The SHADOW Apache Access Log Analyzer Tool, as its name indicates, is used to parse the access log from a website running the Apache web server. I want to make this clear upfront in case you were looking for a tool that analyzes a different Apache log file.

When I originally wrote the SHADOW shell script over 10 years ago, before "website analytics" was such a hot buzzword, it was not intended to be an Apache access log analyzer tool per se...meaning...it is a tool and it certainly does analyze access logs from an Apache web server, but the original (big picture) intent was to simply write a shell script that would parse out some key information about visitors who came to the website.  The desired information included:

  • How did the visitor find the website (organic search, direct, paid search, referral or social)?
  • If the source was paid search...
  • ...where exactly did they come from?
    ...what was the actual search term they typed in to trigger the website's ad to be displayed?
    ...from a back-end advertising campaign perspective, what paid search keyword phrase was matched to the actual search phrase the visitor typed in?
  • Had they visited the site before?  If they were a return visitor, how many times have they been to the site and how long has it been since their original and last visits?
  • What network domain were they connecting from?
  • What did they do while they were on the site?
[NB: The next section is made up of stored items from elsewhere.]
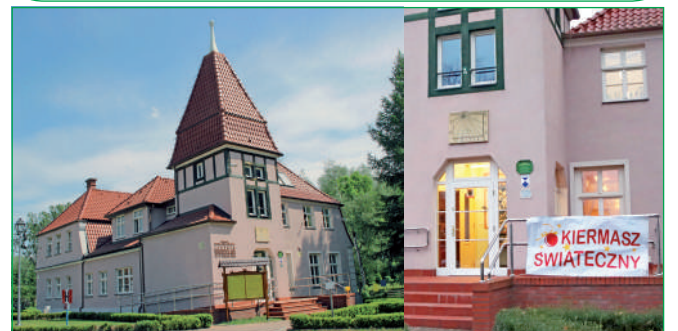
W zabytkowym dworku w Górkach, w gminie Kwidzyn, odbędzie się doroczny kiermasz świąteczny organizowany przez Warsztat Terapii Zajęciowej. Od 28 listopada do 16 grudnia, także w soboty, w godz. 7.30 - 14.30, będzie można kupować oryginalne ozdoby świąteczne.
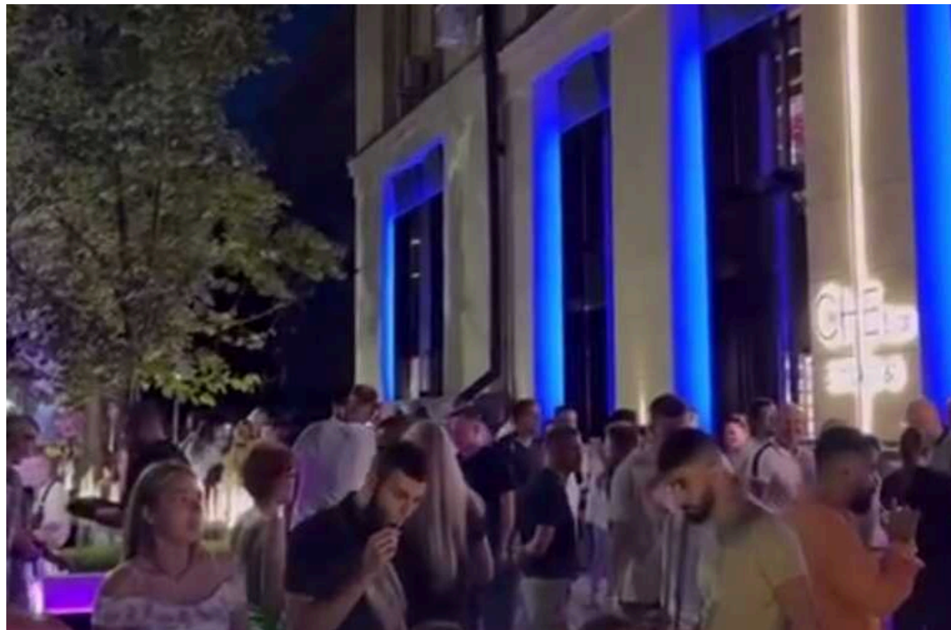
Нечего немає війни: кадри галасливого "двіжу" у центрі Харкова

Місцевий бар учора опублікував нарізку відео галасливих вечірок із танцями на центральній вулиці Сумській.
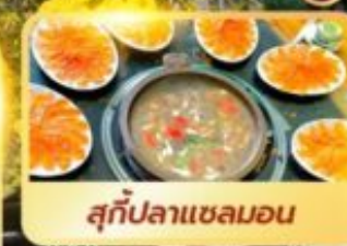
สุกี่ปลาเซลมอน

In other words, what pages did they view and what actions (if any) did they perform?
  • Most importantly, did the visitor perform the desired objectives for the site? For example, did they make a purchase or subscribe to a newsletter or blog?

The most important item from this list is the second bullet related to paid search.  Since this shell script was developed to use with a shiny new website...okay, maybe more new than shiny...the quickest method for reaching and "inviting" the right people was by using paid search advertising, which was also just in it's infancy at the time.

You may be wondering why I am writing a series of articles about an Apache access log analyzer shell script.  There are two primary reasons:

(1) Educational: It's not that I believe that this rather lengthy shell script for tracking website visitors is an example of superior shell scripting skills and techniques, remember it was written 10 years ago when my shell scripting knowledge could be best described as primitive, but it is a shell script that serves as a complete application or solution.  This differs from the type of articles I typically write which have an in-depth focus on a specific shell programming topic, such as for and while loops shell programming constructs.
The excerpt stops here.